It comes to you by email:
“I am Mr. Paul Agabi,” it says. “I am the personal attorney to Mr. Harold Cooper, a national of your country, who used to work with Exxon Oil Company in Nigeria. On the 21st of April, my client, his wife and their only child were involved in a car accident. All occupants of the vehicle unfortunately lost their lives.”
Amazingly enough, rich dead guy left behind millions of dollars—and your correspondent wants you to have it! If you’ll help Mr. Paul Agabi get those millions out of the country, using your bank account as a parking spot, he’ll share the dough with you.
So you get excited. You write back. Maybe you make an offer on a house in Connecticut.
But then a funny thing happens: Mr. Agabi asks you to send some money to him, to cover bribes to officials. It’s only a couple hundred bucks, so you send it.
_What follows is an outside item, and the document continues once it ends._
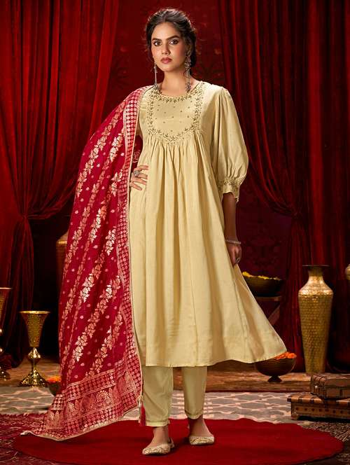 - Find gorgeous sets of ethnic wears in trending designs in red colors suitable for festive wear of occasions.

A week later, there’s another problem—he needs another payment, this time to take care of taxes. You send it.
Then legal fees. Then other fees.
You will never get any money. You will be asked to send more, more, more money until you come to your senses and realize you’re being bilked. Though it has expanded beyond the country of Nigeria, it is still called the “Nigerian” or “419″ scam (named for the section of the Nigerian penal code it violates).
Yes, people still fall for the Nigerian scam. A lot of people. Commence mass forehead-slapping.